Так шептала Маргарита Николаевна, глядя на пунцовые шторы, наливающиеся
солнцем, беспокойно одеваясь, расчесывая перед тройным зеркалом короткие завитые
волосы.
Сон, который приснился в эту ночь Маргарите, был действительно необычен. Дело в
том, что во время своих зимних мучений она никогда не видела во сне мастера. Ночью он
оставлял ее, и мучилась она только в дневные часы. А тут приснился.
Приснилась неизвестная Маргарите местность — безнадежная, унылая, под пасмурным
небом ранней весны. Приснилось это клочковатое бегущее серенькое небо, а под ним
беззвучная стая грачей. Какой-то корявый мостик. Под ним мутная весенняя речонка,
безрадостные, нищенские, полуголые деревья, одинокая осина, а далее, — меж деревьев, —
бревенчатое зданьице, не то оно — отдельная кухня, не то баня, не то черт знает что.
Неживое все кругом какое-то и до того унылое, что так и тянет повеситься на этой осине у
мостика. Ни дуновения ветерка, ни шевеления облака и ни живой души. Вот адское место
для живого человека!
И вот, вообразите, распахивается дверь этого бревенчатого здания, и появляется он.

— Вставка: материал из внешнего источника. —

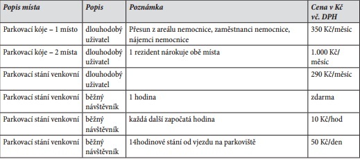 Zatím mohou využít parkoviště zdarma. Placení za parkování bude zavedeno později (asi za týden). Řídit se bude ceníkem, který schválila na své 14. schůzi Rada města Blanska. Viz konec článku. Část parkovacích míst si budou moci dlouhodobě pronajmout zaměstnanci nemocnice.
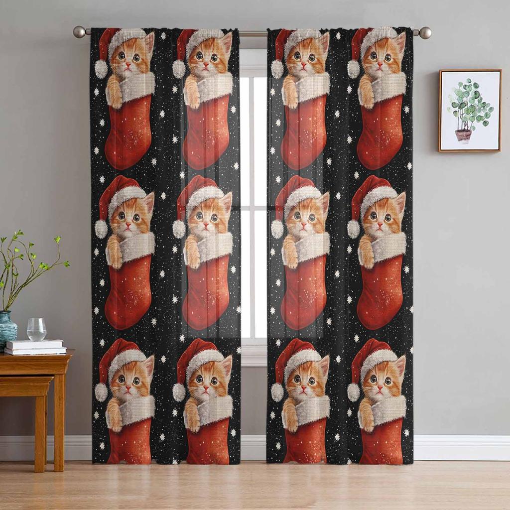 Christmas Winter Christmas Socks Curtains For Living Room Bedroom Home Decoration Window Voile Tulle Curtain Drapes
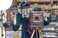 Arkin keskellä seisoo Olle itse Tailboardmatkakameran kanssa 1900-luvun alkupuolelta. Ollen vasemmalla puolella häämöttää Kalart Busch Pressman vuodelta 1948 ja oikealla ruotsalainen ison filmikoon Szabad-kamera.
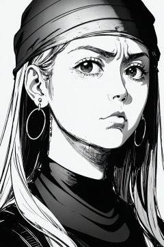 1girl, solo, long hair, looking at viewer, 1boy, jewelry, closed mouth, monochrome, greyscale, male focus, earrings, frown, parody, portrait, hoop earrings, bandana,kp
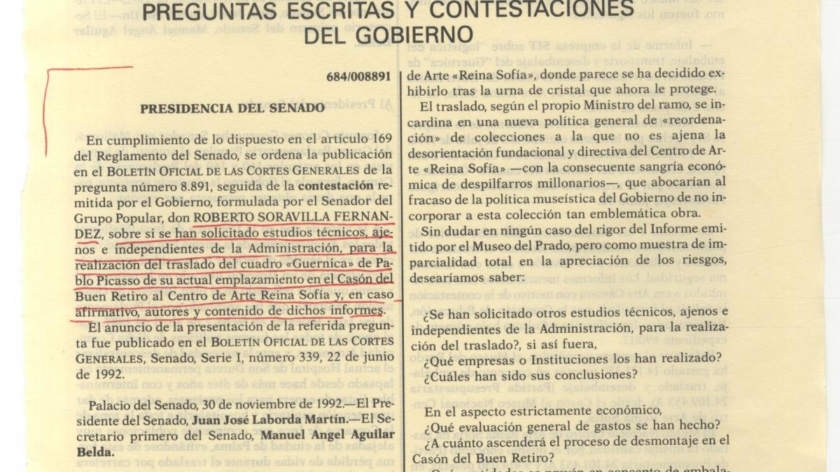 Roberto Soravilla Fernández's question from 20 November 1992 on whether the technical studies have been requested for the transfer of Guernica to the Museo Reina Sofía in Madrid.
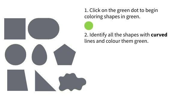 1. Click on the green dot to begin coloring shapes in green. 2. Identify all the shapes with curved lines and colour them green.
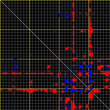 This matrix displays the maximum distance fluctuations between all pairs of CA atoms and between the two extreme conformations that were computed for this mode (DQMIN/DQMAX). Distance increases are plotted in blue and decreases in red for the strongest 10% of the residue pair distance changes. Every pixel corresponds to a single residue. Grey lines are drawn every 10 residues, yellow lines every 100 residues (counting from the upper left corner).
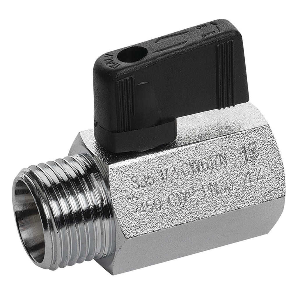 1/2" BSP Parallel Female x 1/2" BSP Parallel Male, High Pressure Mini Ball Valve, Black Handle, Nickel Plated Brass, PTFE Seal, Working Temperature -20°C to +90°C, Working Pressure 30 bar, RUB
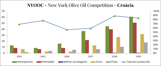 Com umas das taxas de sucesso mais altas do NYOCC a Croácia consolida sua posição de grande produtor de azeites. Parte desse sucesso vem da colheita manual e o controle dos demais pontos do processo. É claro que a qualidade da matéria prima, as azeitonas não pode ser ignorado.
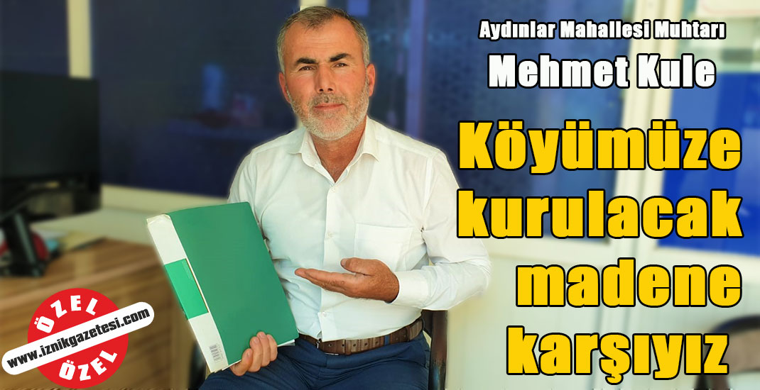 İşte tüm bu gelişmelerin ardından sessizliği bozarak Gazetemize açıklamalarda bulunan Aydınlar mahallesi Muhtarı Mehmet Kule “ biz köyümüze maden kurulacağı haberlerinin basın yer almasının ardından köy halkı olarak bir toplantı gerçekleştirdik. Bu toplantıya köyün ileri gelenleri dahil hemen hemen herkes katıldı. Kurulacak madenin köyümüze hiçbir faydasının olmadığı ve vereceği zararlar konusunda tartışmalar yaptık ve sonucunda köy halkının tamamı madenin kurulmasına karşı olduklarını açıkça ifade ettiler. Toplantının ardından köy halkının madene karşı olduğunu, çevreye vereceği zararları, bölgesel ve tarımsal etkilerini, içme suyu, İznik Gölü  ve tarımsal sulamaya vereceği zararları belirten bir dilekçe yazdık ve bu dilekçeyi toplantıya katılan herkese imzalattık. Köy halkı tarafından imzalanan dilekçeleri Bursa Büyükşehir Belediyesi, Buski genel müdürlüğü, Bursa Çevre ve Şehircilik İl Müdürlüğü  ve İl tarım Müdürlüğüne bizzat kendim götürüp teslim ettim. Şahsım köy Muhtarı olarak ve vatandaşlarımla birlikte büyük bir özveri ile üzerime düşen görevi yerine getirdiğimi düşünüyorum. Aydınlar halkı olarak çevre köylerimizi ve İzniğimizi de düşündüğümüzden kimsenin şüphesi olmasın. İznik’te harekete geçilmeden önce biz madene karşı olduğumuzu, bu olayın hem gözlemsel hemde hukuki olarak takipçisi olduğumuzu herkes ile paylaşmıştık zaten” dedi.
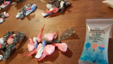 Los agentes detectaron que en esa vivienda, en la que se exhibían fotos familiares en portaretratos, existía una falsa pared. Un hueco en la estructura tapada por una placa de durlock contenía dos cajas de metal con droga y medio millón de pesos.
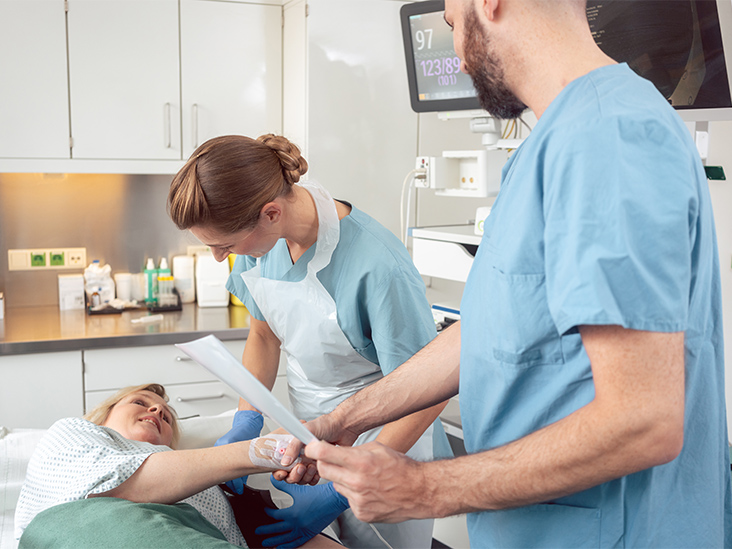 Once you get to the hospital or clinic, you will be asked to change into a hospital gown. You will then be sedated or be put under anesthesia to minimize the discomfort during the procedure. You will then be asked to lie on your side for most of the procedure.

Довольно далеко, но он отчетливо виден. Оборван он, не разберешь, во что он одет. Волосы
всклокочены, небрит. Глаза больные, встревоженные. Манит ее рукой, зовет. Захлебываясь в
неживом воздухе, Маргарита по кочкам побежала к нему и в это время проснулась.

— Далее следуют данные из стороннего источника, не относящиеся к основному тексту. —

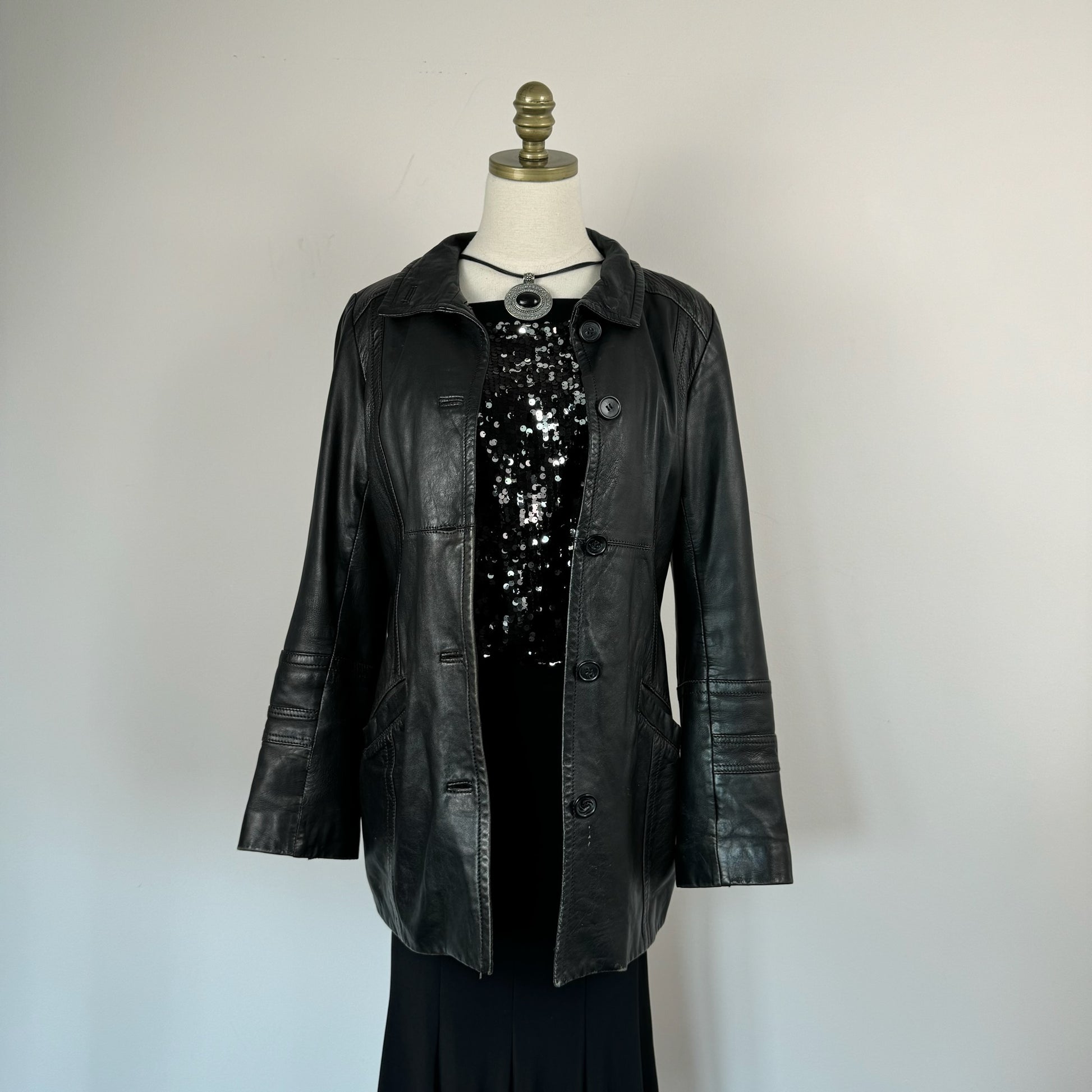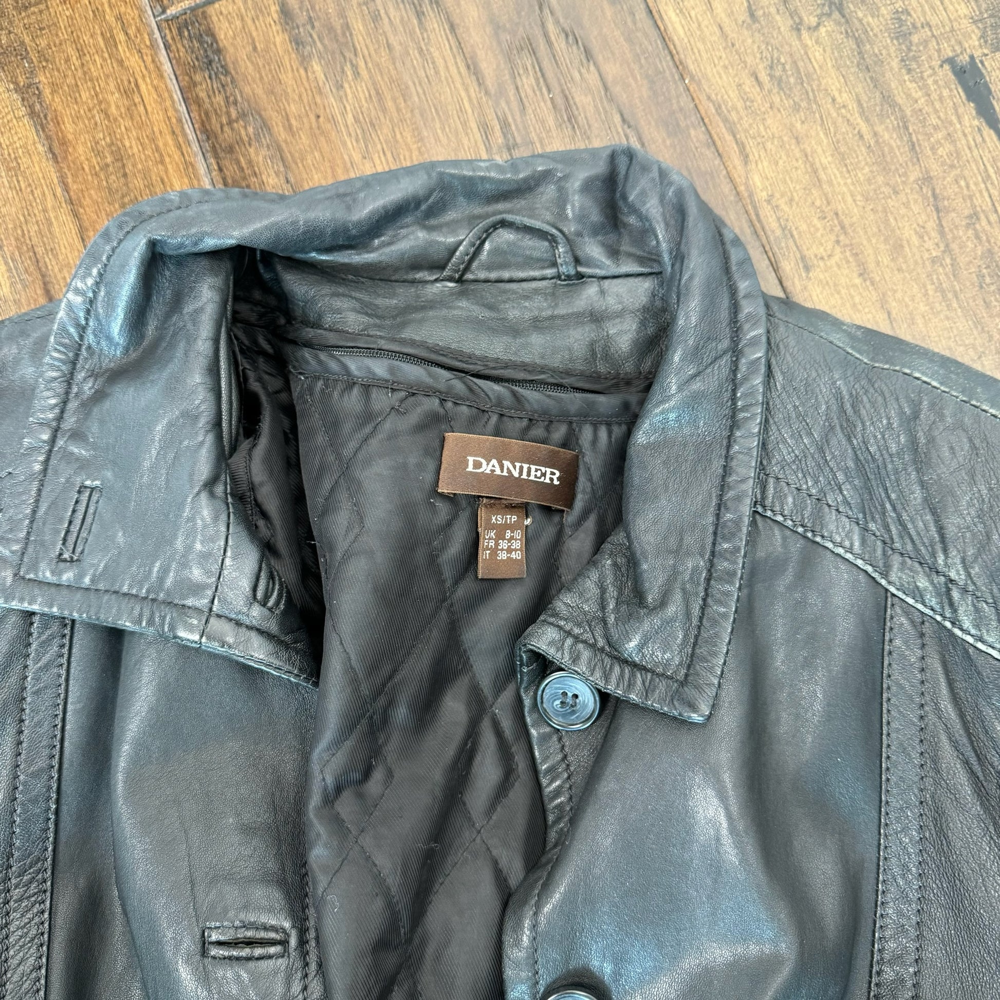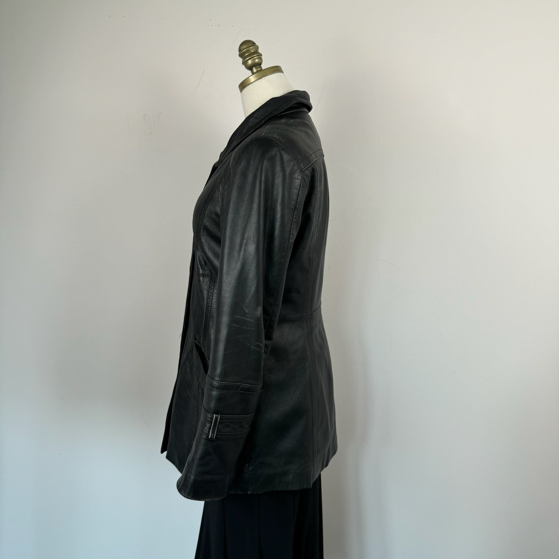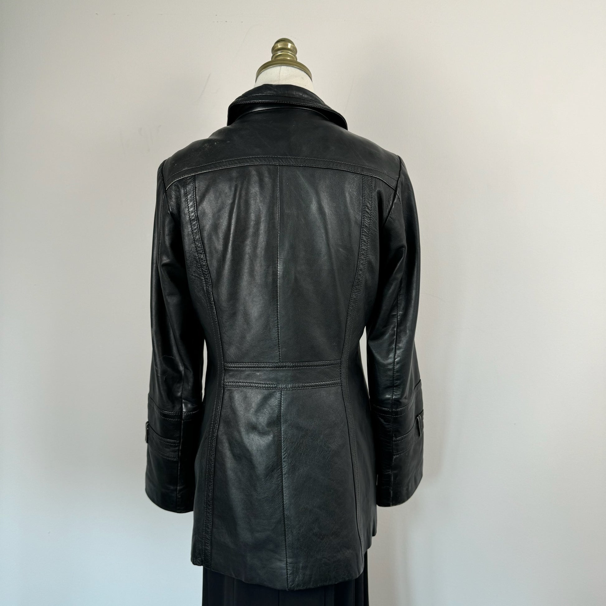Details: Black vintage leather trench coat with stunning design, button-up front, and lightly quilted lining.

«Сон этот может означать только одно из двух, — рассуждала сама с собой Маргарита
Николаевна, — если он мертв и поманил меня, то это значит, что он приходил за мною, и я
скоро умру. Это очень хорошо, потому что мучениям тогда настанет конец. Или он жив,
тогда сон может означать только одно, что он напоминает мне о себе! Он хочет сказать, что
мы еще увидимся. Да, мы увидимся очень скоро.»

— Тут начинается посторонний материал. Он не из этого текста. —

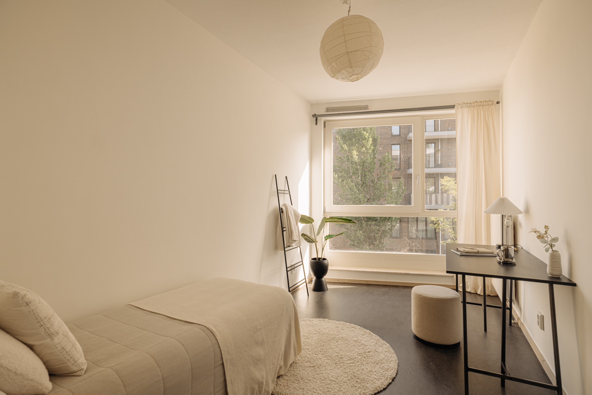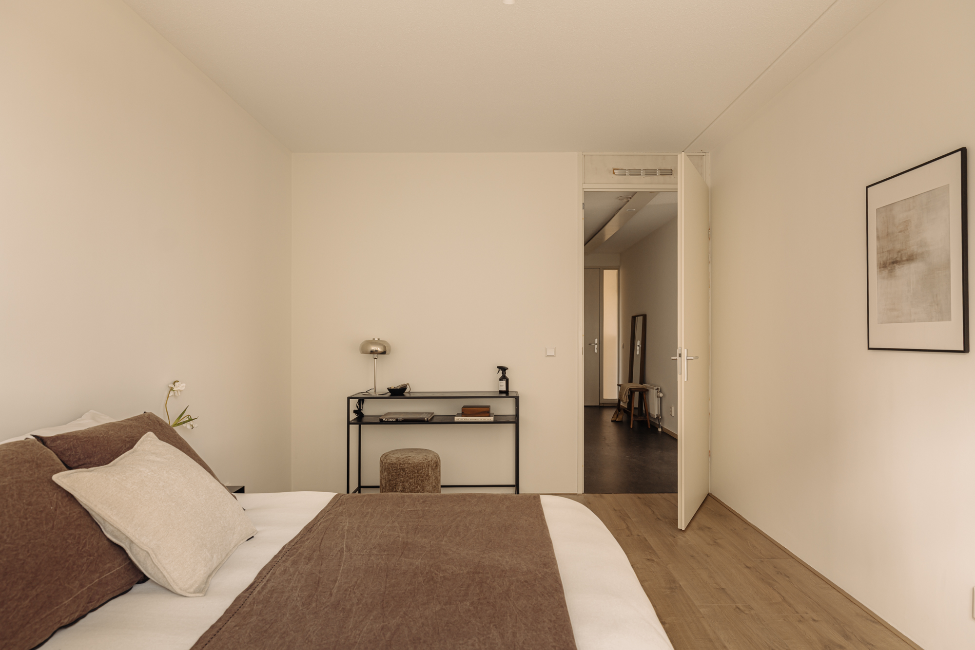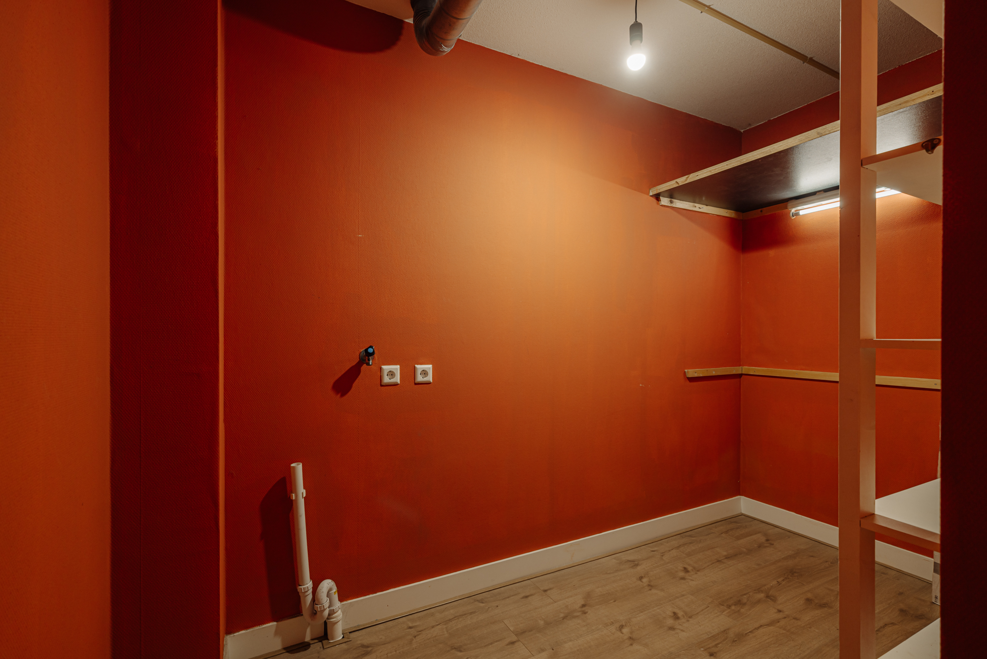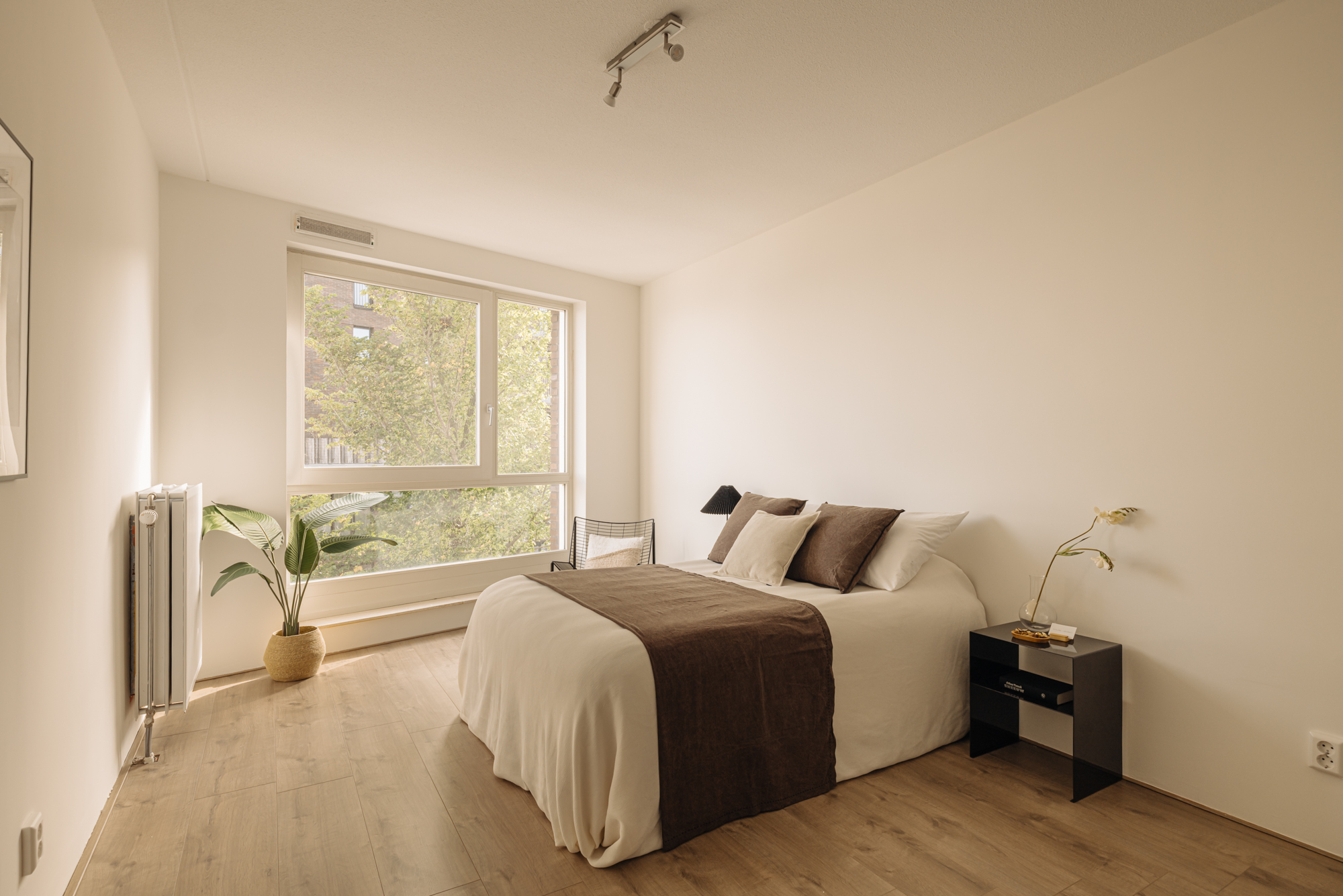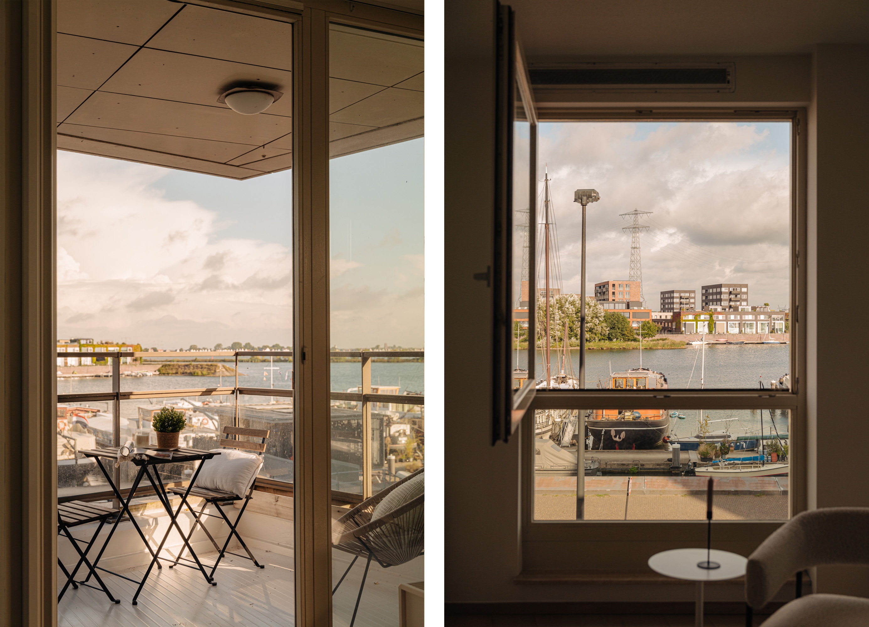 De woonkamer bevindt zich aan de voorzijde van het complex en profiteert dankzij de hoekligging en grote ramen van veel natuurlijk licht. Aansluitend vind je een ruim balkon op het westen, waar je kunt genieten van een prachtig uitzicht over de woonboten en het IJmeer. De zonsondergangen zijn hier werkelijk spectaculair. De open keuken grenst direct aan de woonkamer en is uitgerust met een inductiekookplaat en een combi-oven. De gehele woonruimte is afgewerkt met een lichte lamelparketvloer.

Находясь все в том же возбужденном состоянии, Маргарита оделась и стала внушать
себе, что, в сущности, все складывается очень удачно, а такие удачные моменты надо уметь
ловить и пользоваться ими. Муж уехал в командировку на целых три дня. В течение трех
суток она предоставлена самой себе, никто не помешает ей думать о чем угодно, мечтать о
том, что ей нравится. Все пять комнат в верхнем этаже особняка, вся эта квартира, которой в
Москве позавидовали бы десятки тысяч людей, в полном ее распоряжении.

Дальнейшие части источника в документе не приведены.